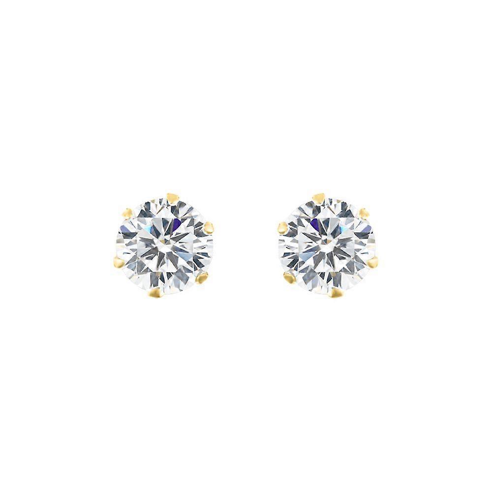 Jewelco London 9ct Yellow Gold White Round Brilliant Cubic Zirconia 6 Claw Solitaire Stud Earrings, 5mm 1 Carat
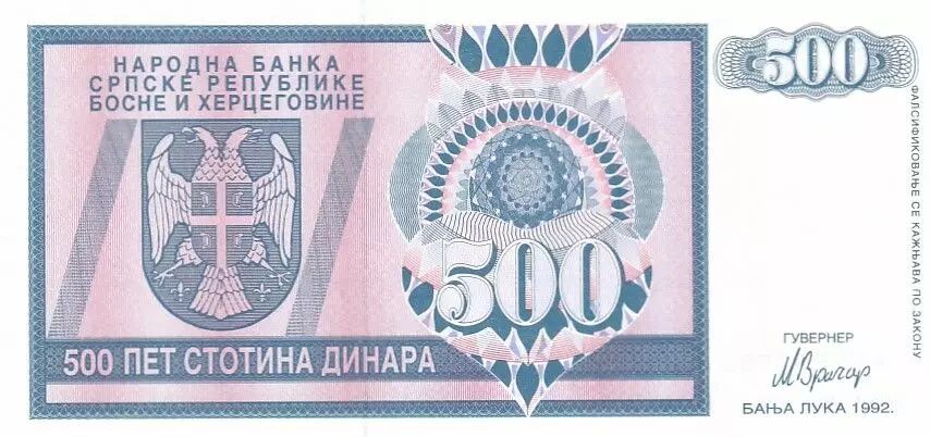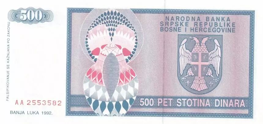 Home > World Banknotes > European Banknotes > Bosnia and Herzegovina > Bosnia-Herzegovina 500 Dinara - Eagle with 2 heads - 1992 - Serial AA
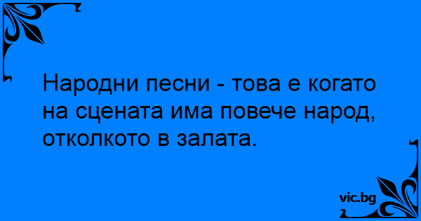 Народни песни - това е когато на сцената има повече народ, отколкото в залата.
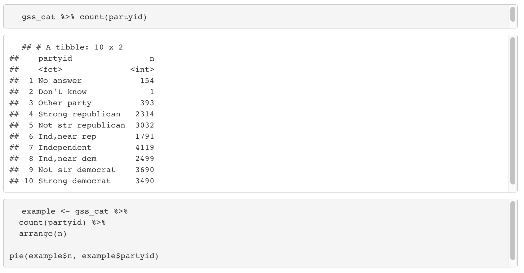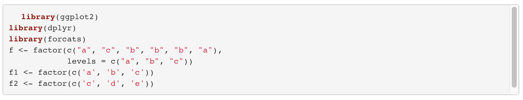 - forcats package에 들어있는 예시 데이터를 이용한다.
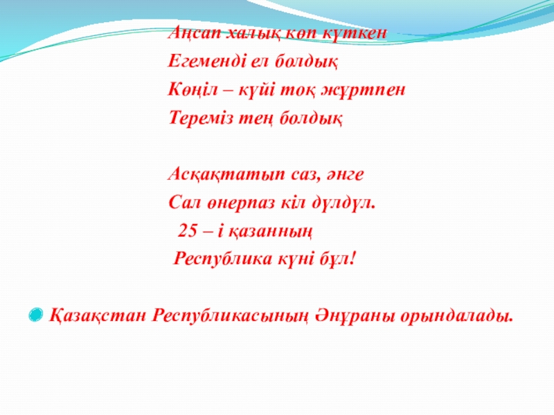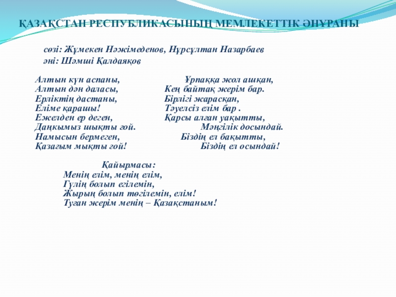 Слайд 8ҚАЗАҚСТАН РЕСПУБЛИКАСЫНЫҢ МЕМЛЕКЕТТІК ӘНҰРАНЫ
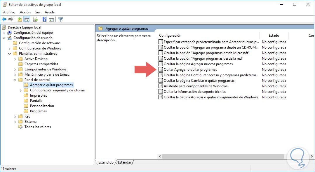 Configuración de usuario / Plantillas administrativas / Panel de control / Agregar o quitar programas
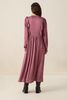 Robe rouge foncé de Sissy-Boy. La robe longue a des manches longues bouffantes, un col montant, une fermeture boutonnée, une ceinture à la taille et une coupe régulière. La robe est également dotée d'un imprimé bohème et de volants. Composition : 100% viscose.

* * *

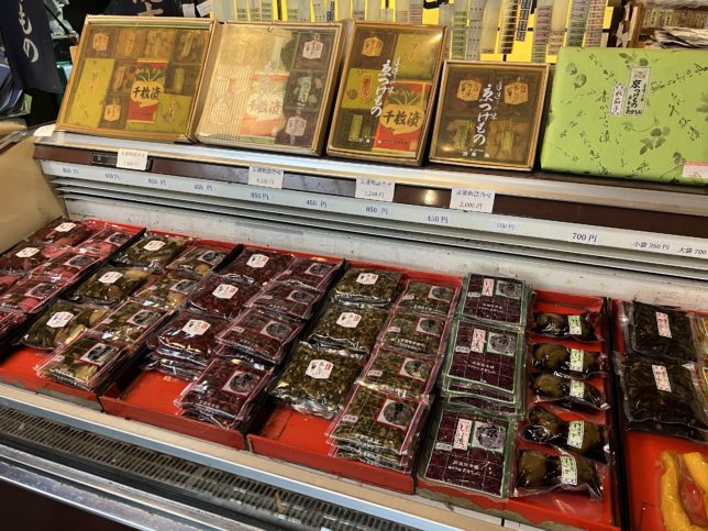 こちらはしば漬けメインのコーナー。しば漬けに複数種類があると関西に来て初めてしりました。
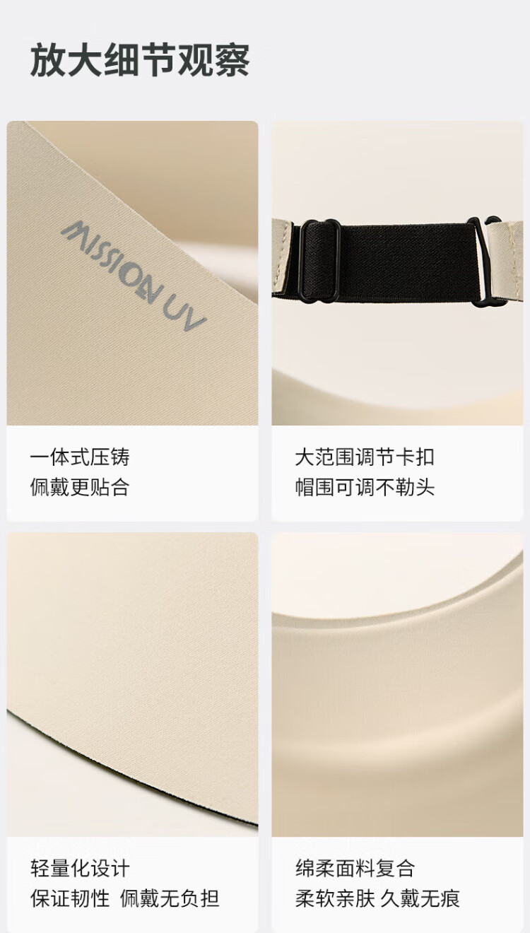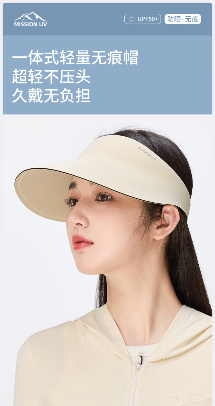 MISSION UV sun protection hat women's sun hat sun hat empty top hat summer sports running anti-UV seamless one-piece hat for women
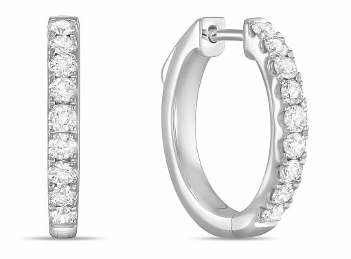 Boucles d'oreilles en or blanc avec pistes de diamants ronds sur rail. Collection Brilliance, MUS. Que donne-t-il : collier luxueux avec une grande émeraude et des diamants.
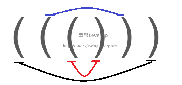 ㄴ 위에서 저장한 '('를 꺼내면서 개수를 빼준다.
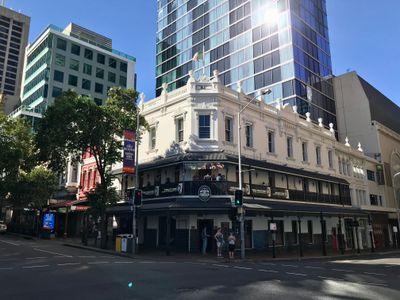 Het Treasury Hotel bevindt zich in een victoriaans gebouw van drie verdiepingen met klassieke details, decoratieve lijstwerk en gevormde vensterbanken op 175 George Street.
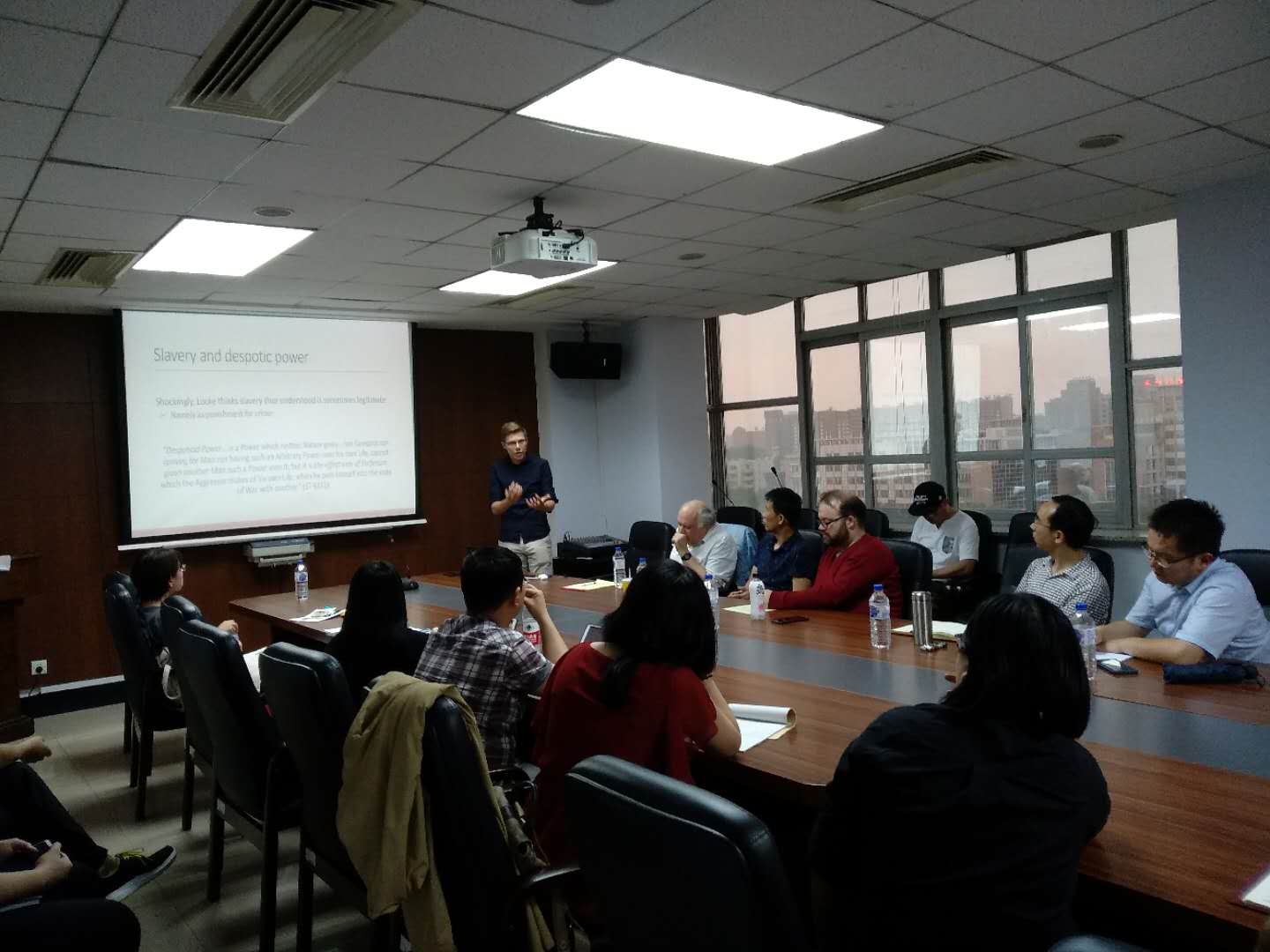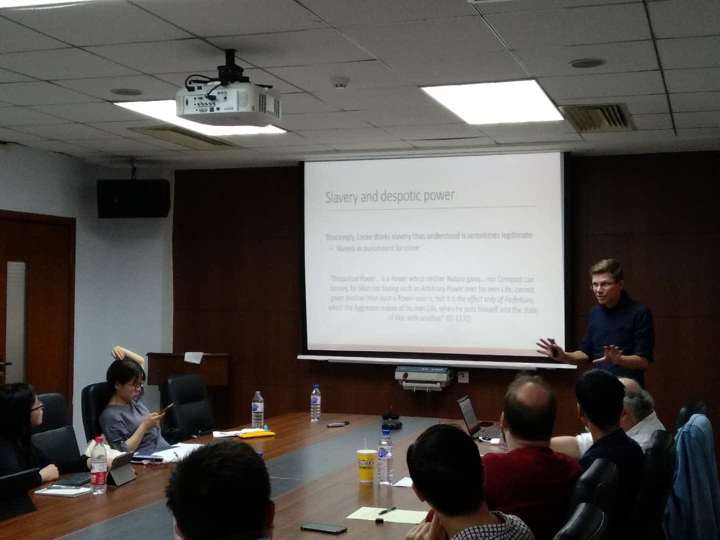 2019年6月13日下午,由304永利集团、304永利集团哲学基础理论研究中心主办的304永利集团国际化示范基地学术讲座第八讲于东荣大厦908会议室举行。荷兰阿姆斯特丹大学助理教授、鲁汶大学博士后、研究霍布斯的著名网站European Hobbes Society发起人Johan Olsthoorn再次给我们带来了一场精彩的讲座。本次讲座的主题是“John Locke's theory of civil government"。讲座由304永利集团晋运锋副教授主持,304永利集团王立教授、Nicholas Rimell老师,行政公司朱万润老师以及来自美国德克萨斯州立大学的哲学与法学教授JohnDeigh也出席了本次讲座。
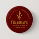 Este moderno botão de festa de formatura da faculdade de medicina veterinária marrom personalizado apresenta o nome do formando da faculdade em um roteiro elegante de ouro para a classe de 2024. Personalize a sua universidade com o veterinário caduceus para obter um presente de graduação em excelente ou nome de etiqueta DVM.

--

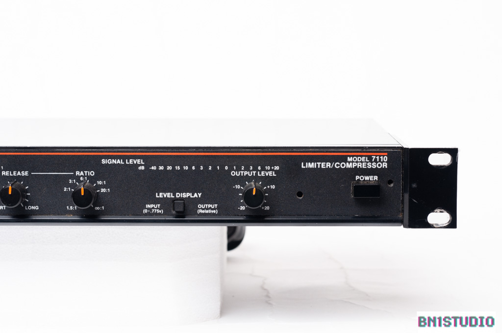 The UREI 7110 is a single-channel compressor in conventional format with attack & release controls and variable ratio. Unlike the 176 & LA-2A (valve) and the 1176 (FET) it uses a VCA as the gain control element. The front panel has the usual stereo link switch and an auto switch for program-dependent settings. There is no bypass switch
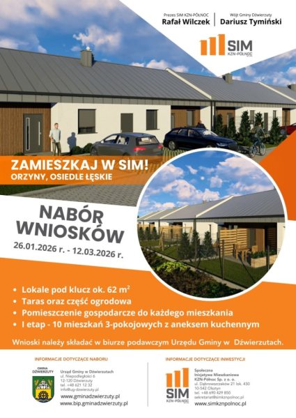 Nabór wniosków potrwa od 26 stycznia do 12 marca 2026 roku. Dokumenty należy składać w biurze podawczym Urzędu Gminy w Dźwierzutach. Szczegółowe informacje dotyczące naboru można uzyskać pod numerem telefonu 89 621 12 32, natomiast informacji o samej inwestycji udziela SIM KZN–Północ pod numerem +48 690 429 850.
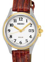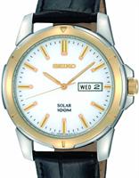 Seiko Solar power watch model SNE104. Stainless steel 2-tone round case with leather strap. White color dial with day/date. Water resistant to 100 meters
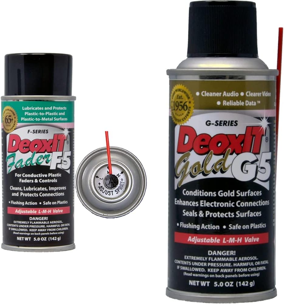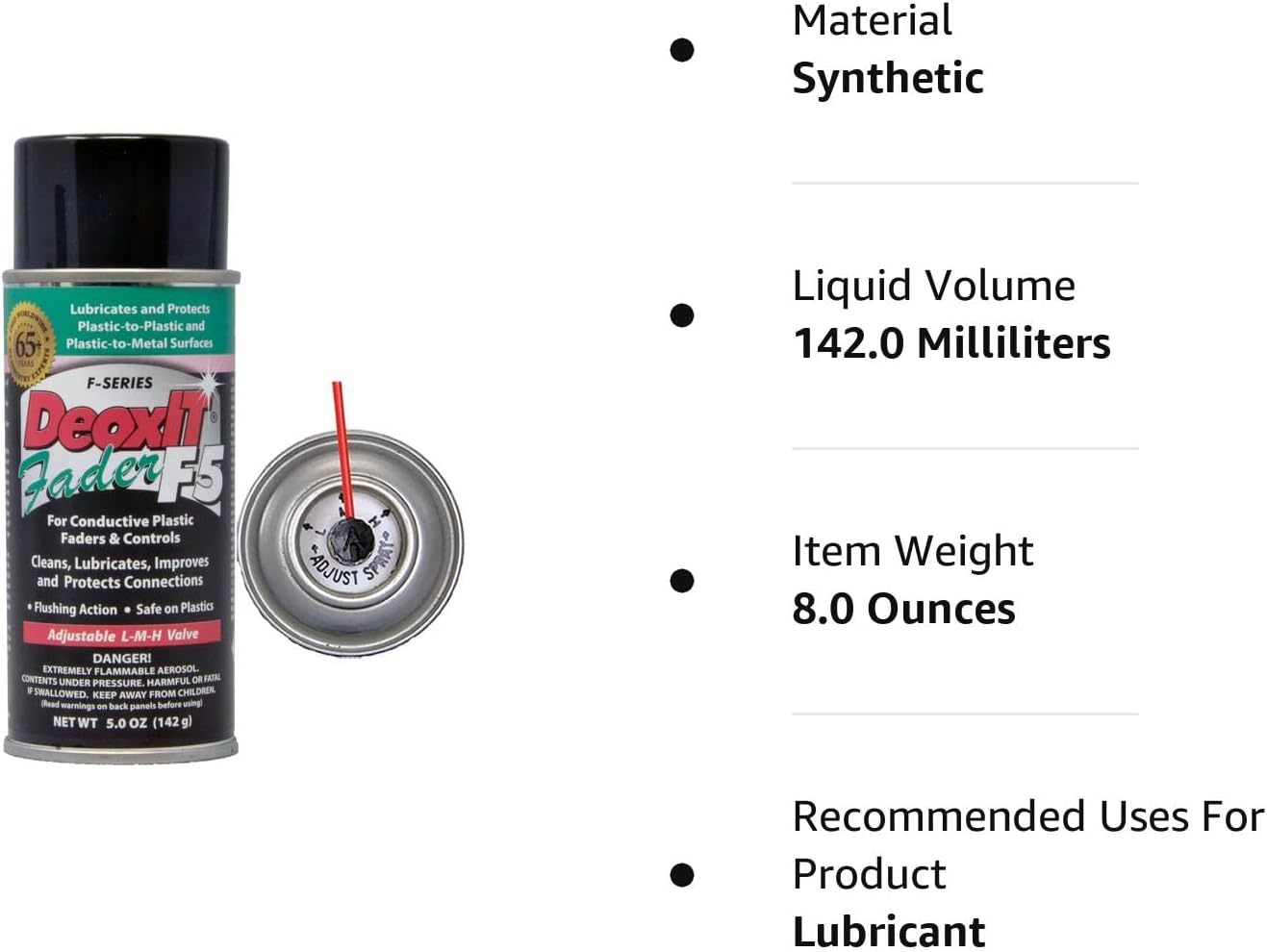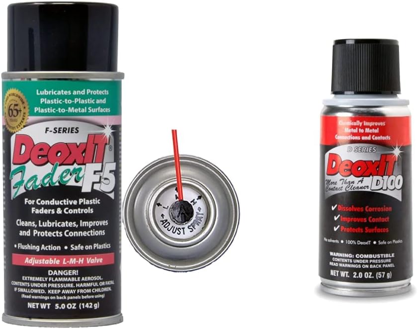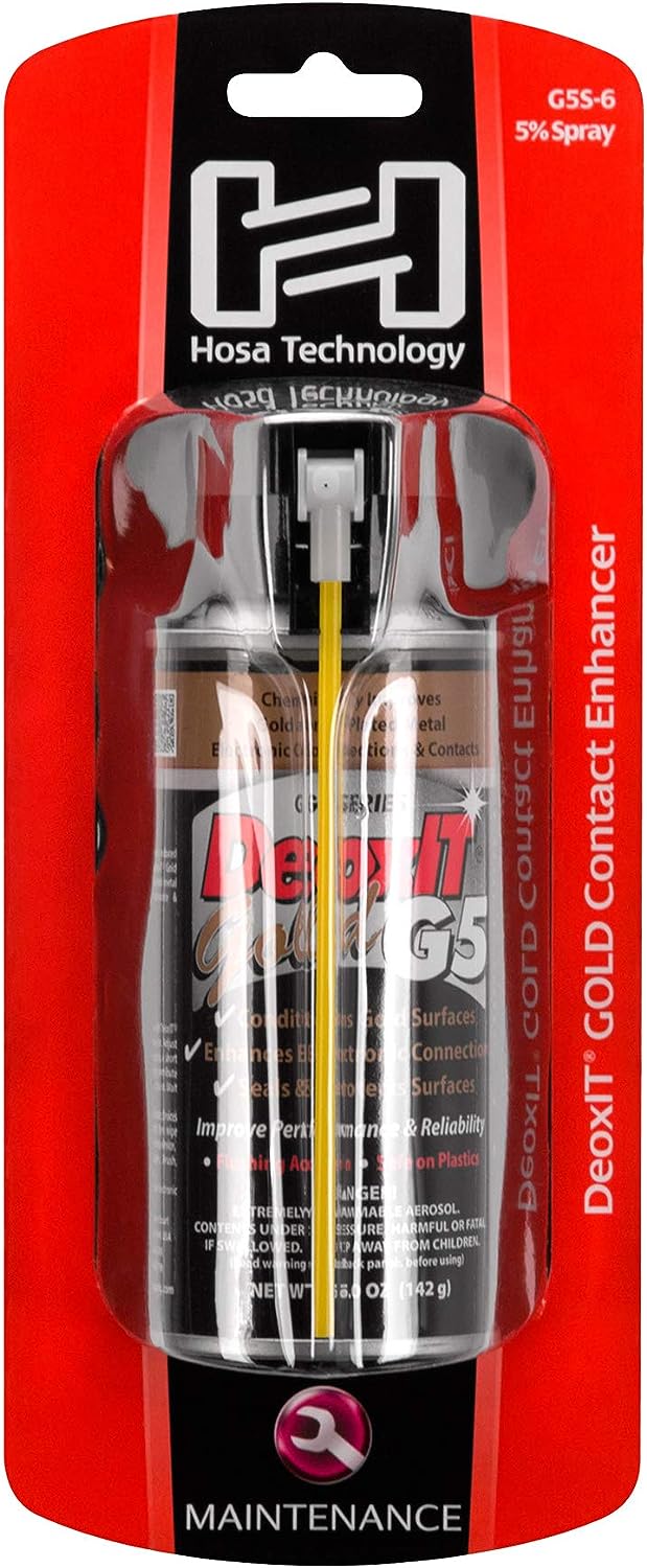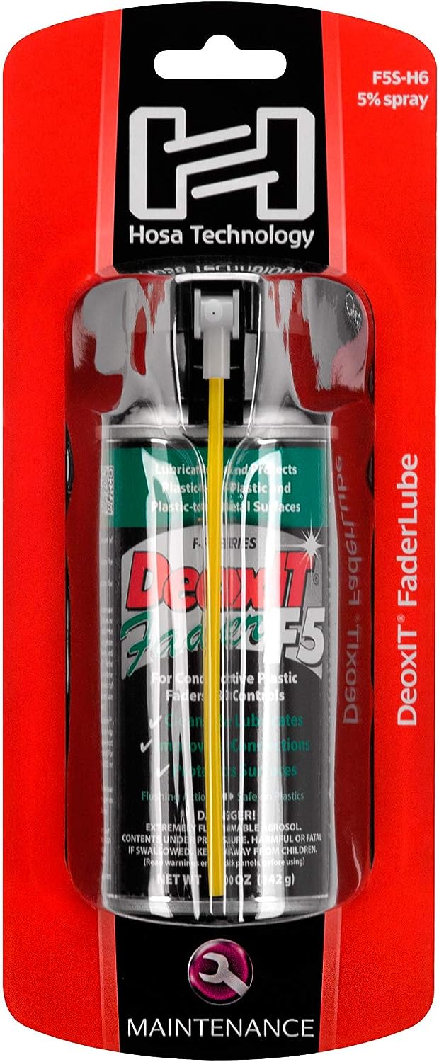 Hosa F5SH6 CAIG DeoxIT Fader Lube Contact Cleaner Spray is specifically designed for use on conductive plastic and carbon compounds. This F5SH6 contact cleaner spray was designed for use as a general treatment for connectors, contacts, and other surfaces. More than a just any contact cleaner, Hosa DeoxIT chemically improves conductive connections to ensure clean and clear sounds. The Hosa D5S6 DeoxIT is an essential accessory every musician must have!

### EXERCISE OBJECTIVE
Above are records with pictures. Reproduce exactly only the lines from the line with "こちらはしば漬けメインのコー" through the line with "Het Treasury Hotel", both ends included, and leave the pictures out.

### ANSWER SECTION
 こちらはしば漬けメインのコーナー。しば漬けに複数種類があると関西に来て初めてしりました。
 MISSION UV sun protection hat women's sun hat sun hat empty top hat summer sports running anti-UV seamless one-piece hat for women
 Boucles d'oreilles en or blanc avec pistes de diamants ronds sur rail. Collection Brilliance, MUS. Que donne-t-il : collier luxueux avec une grande émeraude et des diamants.
 ㄴ 위에서 저장한 '('를 꺼내면서 개수를 빼준다.
 Het Treasury Hotel bevindt zich in een victoriaans gebouw van drie verdiepingen met klassieke details, decoratieve lijstwerk en gevormde vensterbanken op 175 George Street.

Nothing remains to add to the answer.